> _Records to use_
....
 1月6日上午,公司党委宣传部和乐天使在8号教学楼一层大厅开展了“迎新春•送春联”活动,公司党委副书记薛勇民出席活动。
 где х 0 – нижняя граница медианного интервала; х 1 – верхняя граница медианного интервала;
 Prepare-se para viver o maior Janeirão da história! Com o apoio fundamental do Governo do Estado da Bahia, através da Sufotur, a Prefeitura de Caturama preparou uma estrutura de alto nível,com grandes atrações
....
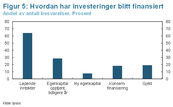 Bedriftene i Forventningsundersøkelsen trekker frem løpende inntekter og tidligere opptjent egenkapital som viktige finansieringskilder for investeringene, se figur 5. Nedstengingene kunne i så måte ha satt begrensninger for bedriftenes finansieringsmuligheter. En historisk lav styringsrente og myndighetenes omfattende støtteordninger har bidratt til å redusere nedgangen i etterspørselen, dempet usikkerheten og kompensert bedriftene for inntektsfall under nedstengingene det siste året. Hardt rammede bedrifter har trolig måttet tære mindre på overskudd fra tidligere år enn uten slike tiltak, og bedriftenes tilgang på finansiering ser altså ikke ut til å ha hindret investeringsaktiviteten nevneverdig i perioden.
....
> _Exercise brief_
Look through the material above and print exactly the lines from the one containing "1月6日上午,公司党委宣传部" to the one containing "Prepare-se para viver", both included, and nothing more.

> _Written answer_
 1月6日上午,公司党委宣传部和乐天使在8号教学楼一层大厅开展了“迎新春•送春联”活动,公司党委副书记薛勇民出席活动。
 где х 0 – нижняя граница медианного интервала; х 1 – верхняя граница медианного интервала;
 Prepare-se para viver o maior Janeirão da história! Com o apoio fundamental do Governo do Estado da Bahia, através da Sufotur, a Prefeitura de Caturama preparou uma estrutura de alto nível,com grandes atrações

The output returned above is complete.